Alternative (legacy, single-shell only):

bash
PIPE=$(mktemp -u)
mkfifo "$PIPE"
export SCRIPT_KIT_AI_LOG=1
./target/debug/script-kit-gpui < "$PIPE" > /tmp/sk-test.log 2>&1 &
APP_PID=$!
exec 3>"$PIPE"
sleep 3

3. Show the Window

bash
# Session-based (any shell)
bash scripts/agentic/session.sh send default '{"type":"show"}'
sleep 1.5

The app starts hidden. Always send show first.

4. Interact

Send commands via the session. Common commands:

bash
S="bash scripts/agentic/session.sh send default"

# Set filter text
$S '{"type":"setFilter","text":"search term"}'

# Discover visible elements (returns semantic IDs)
bash scripts/agentic/session.sh rpc default '{"type":"getElements","requestId":"e1"}' --expect elementsResult

# Select element by semantic ID (from getElements response)
bash scripts/agentic/session.sh rpc default '{"type":"batch","requestId":"b1","commands":[{"type":"selectBySemanticId","semanticId":"choice:0:apple","submit":true}]}' --expect batchResult

# Trigger a built-in view
$S '{"type":"triggerBuiltin","name":"clipboard"}'
$S '{"type":"triggerBuiltin","name":"tab-ai"}'
$S '{"type":"triggerBuiltin","name":"emoji"}'
$S '{"type":"triggerBuiltin","name":"apps"}'
$S '{"type":"triggerBuiltin","name":"file-search"}'

# Simulate keys (dispatches to current view)
$S '{"type":"simulateKey","key":"enter","modifiers":[]}'
$S '{"type":"simulateKey","key":"escape","modifiers":[]}'
$S '{"type":"simulateKey","key":"k","modifiers":["cmd"]}'
$S '{"type":"simulateKey","key":"w","modifiers":["cmd"]}'

# Type individual characters (for views with text input)
$S '{"type":"simulateKey","key":"h","modifiers":[]}'

# Query ACP state (returns input, cursor, picker, accepted item, thread status)
bash scripts/agentic/session.sh rpc default '{"type":"getAcpState","requestId":"acp1"}' --expect acpStateResult

5. Capture Screenshots

bash
mkdir -p .test-screenshots
bash scripts/agentic/session.sh send default '{"type":"captureWindow","title":"","path":"'"$(pwd)"'/.test-screenshots/step-01.png"}'
sleep 1
  • title is substring match. "" matches any window.
  • For embedded ACP in the main Script Kit window, use title: "" or the resolver-driven verify-shot.ts / window.ts flow. Do not assume the title contains ACP Chat.
  • Path must be absolute — use $(pwd)/ prefix.
  • Runtime captureWindow does not allow arbitrary /tmp/*.png output paths.
  • Always sleep 1 after capture for file write.
  • The screenshot must come from the real runtime surface you are verifying, not a synthetic component window.
  • Read the PNG to visually verify. Never assume correctness without checking.

6. Read Logs

bash
grep -i "keyword" /tmp/sk-test.log | head -20

Log format: TIMESTAMP|LEVEL|CATEGORY|cid=CORRELATION_ID message

7. Cleanup

bash
# Session-based (preferred)
bash scripts/agentic/session.sh stop default

# Verify the session is actually gone before reporting success
bash scripts/agentic/session.sh status default

# Legacy fd 3 cleanup (single-shell only)
# exec 3>&-
# rm -f "$PIPE"
# kill $APP_PID 2>/dev/null || true
# wait $APP_PID 2>/dev/null || true

Cleanup is mandatory, even after failures or interrupted runs.
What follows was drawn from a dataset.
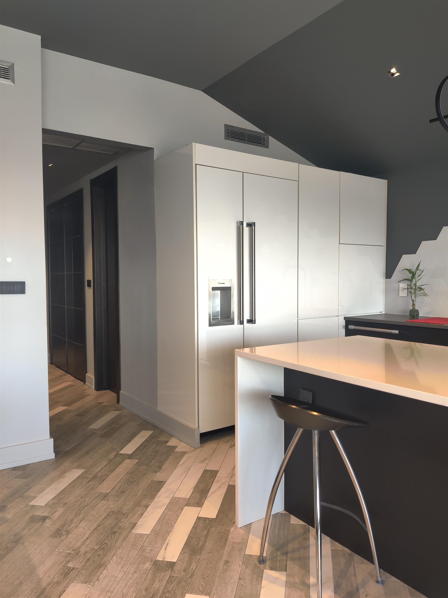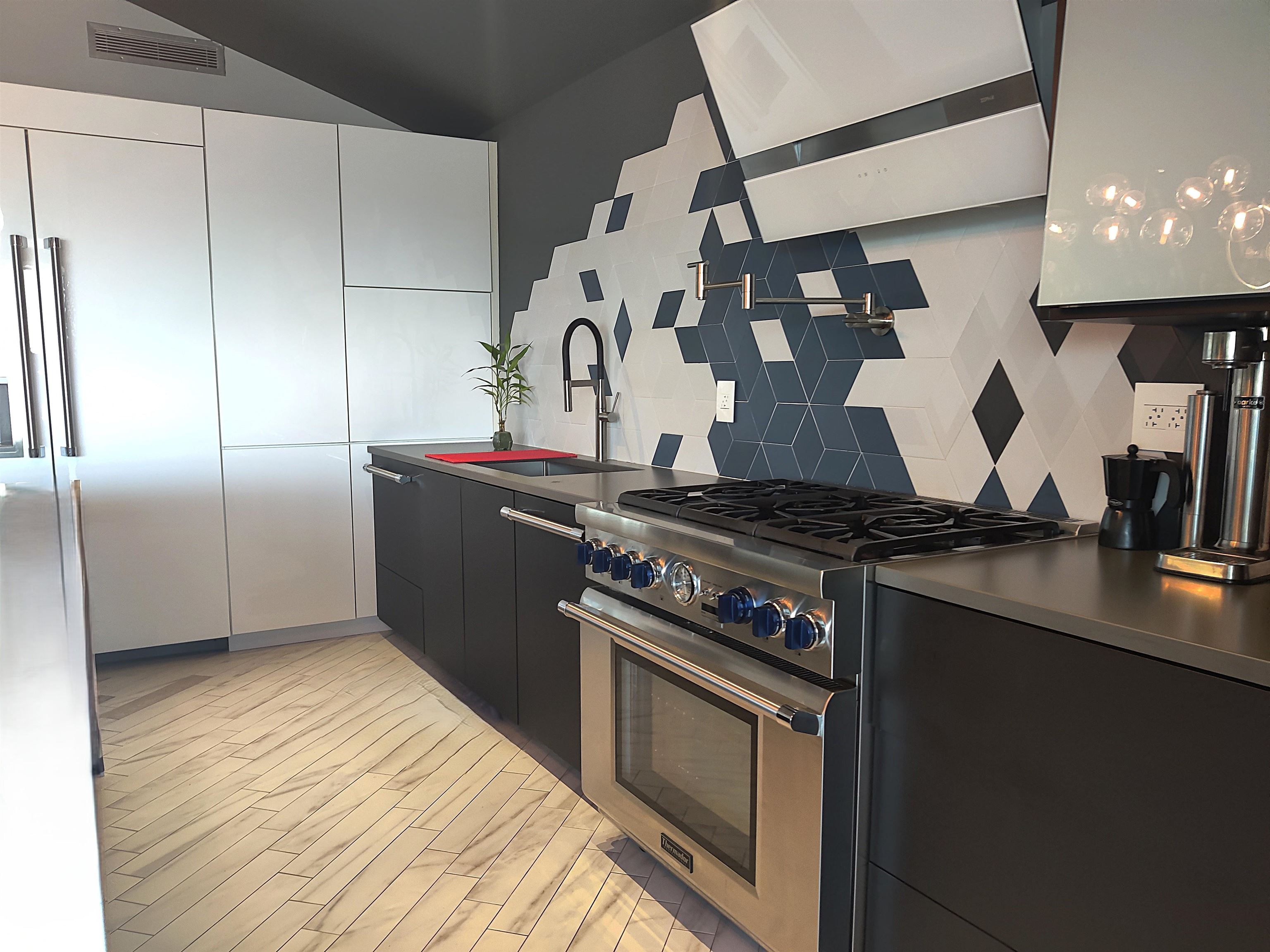 A rare penthouse residence with DIRECT PRIVATE ELEVATOR entry or staircase access and unobstructed NYC skyline views designed for buyers who expect exceptional detail and elevated living. Welcome to The PENTHOUSE at 344 Paterson Plank Road, in the heart of Jersey City Heights. Spanning approximately 1,528 square feet, this top floor home offers 3 bedrooms, a den, and 2 full bathrooms with a standout blend of custom craftsmanship, modern design, everyday comfort, and enhanced privacy. Flooded with natural light, the expansive open concept living, dining, and kitchen area is designed for both effortless entertaining and comfortable daily living. The layout feels bright, open, and sophisticated, with dramatic skyline views creating a stunning backdrop. Custom ordered European fixtures and finishes define the interior, while Spanish porcelain tile flooring, radiant underfloor heating with individual room thermostats, and sound attenuated walls create a home that feels both luxurious and serene. Smart Wi-Fi enabled controls add convenience and efficiency. The chef’s kitchen is a true showpiece, featuring premium Thermador appliances, including a Pro Grand 6 burner gas range, 2 dishwashers, custom German cabinetry with Fenix finishes, and push to open cabinets throughout, including the integrated refrigerator, all with soft close features. Sleek, functional, and beautifully executed, this space was built to impress. The primary suite offers a refined private retreat with a walk-in closet and a beautifully finished ensuite bath. Both bathrooms feature large format tile, floor channel drains, heated towel rails, and exceptional fixtures. Private elevator access directly into the unit adds a true sense of exclusivity. Additional highlights include iGuzzini low voltage LED lighting throughout, custom Italian millwork and doors, recessed hinges, imported hardware, custom two-piece baseboard molding, a 2-zone Carrier Infinity HVAC system, Zephyr exhaust fan, SimpliSafe alarm system, and a Navien combi water heater. Set in one of Jersey City Heights’ most sought-after areas, this exceptional home is steps from the Congress Street Light Rail and bus service to NYC, with quick access to Hoboken, Downtown Jersey City, the Lincoln Tunnel, neighborhood parks, cafés, restaurants, and fitness studios. Don’t miss this rare opportunity to own a one-of-a-kind penthouse that delivers design, privacy, views, and location in one remarkable residence!

  • Do not report PASS or FAIL until the session you started has been stopped.
  • If you launched Script Kit via session.sh, run session.sh stop NAME and verify the session is no longer alive.
  • If you launched Script Kit directly, kill that specific PID and wait for it.
  • Do not leave orphan script-kit-gpui processes behind from agentic testing.

8. Report

  • PASS: build succeeded + expected screenshots match + expected log output + cleanup confirmed
  • FAIL: describe what went wrong with evidence (screenshot, log line), then still clean up the launched process/session

Timing Guidelines

ActionWait strategy
App startupsession.sh start readiness wait; fallback 0.5s only if ready=false
show window0.3s macOS focus-settling delay
setFilter1s sleep or waitFor stateMatch
triggerBuiltin (opens new view)waitFor appropriate condition
simulateKey (view transition)1.5s sleep
simulateKey (text input)0.1s sleep
captureWindow1s sleep (file write)
ACP context bootstrapwaitFor(acpReady, timeout=8000)
ACP picker openwaitFor(acpPickerOpen, timeout=3000)
ACP picker acceptwaitFor(acpItemAccepted, timeout=3000)
ACP response streaming10-20s or waitFor(acpStatus)
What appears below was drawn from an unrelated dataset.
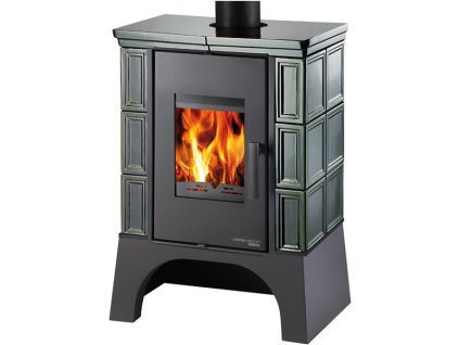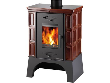 Kamna Haas+Sohn MANTA s výkonem 7 kW s kachlovým obkladem a víkem v hnědé barvě....

Rule: Use waitFor for all ACP state transitions. Only use fixed sleeps for macOS focus-settling (0.3s) and file I/O (1s screenshot write).

Rule: Do not add a fixed sleep 3 after session.sh start. The session wrapper is responsible for readiness. Only use the 0.5s fallback when ready=false.

Session Management

Use scripts/agentic/session.sh instead of hand-rolling mkfifo + exec 3> in ad hoc shells.

Why: The exec 3>"$PIPE" pattern ties the pipe to a single shell process. When a coding agent spawns a new shell (e.g., follow-up verification step), fd 3 does not exist and the session is lost. The session wrapper uses a background forwarder process so any shell can send commands via session.sh send.

Rules:

  • Always use session.sh start instead of manual mkfifo + exec 3> for new verification flows
  • Use session.sh send for fire-and-forget stdin commands like show, triggerBuiltin, setFilter, and captureWindow
  • Use session.sh rpc for protocol requests that expect a typed response like getAcpState, getElements, waitFor, batch, and inspectAutomationWindow
  • Check session health with session.sh status or session-state.ts before sending commands
  • Stop sessions with session.sh stop when done — do not leave orphan processes
  • Treat cleanup as part of the test itself: a run is incomplete until the session is stopped and verified dead

Screenshot Assertion (verify-shot.ts)

Use verify-shot.ts for automated screenshot + state verification. It enforces the correct ACP verification order: state receipt first, screenshot second.

bash
# Basic: capture screenshot with ACP state assertions
bun scripts/agentic/verify-shot.ts --session default \
  --label step-name \
  --acp-status idle \
  --acp-picker-closed \
  --acp-context-ready

# Assert picker is open after typing @
bun scripts/agentic/verify-shot.ts --session default \
  --label picker-open \
  --acp-picker-open

# Assert item was accepted after Enter/Tab
bun scripts/agentic/verify-shot.ts --session default \
  --label item-accepted \
  --acp-picker-closed \
  --acp-item-accepted

# State-only (skip screenshot)
bun scripts/agentic/verify-shot.ts --session default \
  --label quick-check \
  --skip-screenshot \
  --acp-input-contains "@context"

# Screenshot-only (skip state query)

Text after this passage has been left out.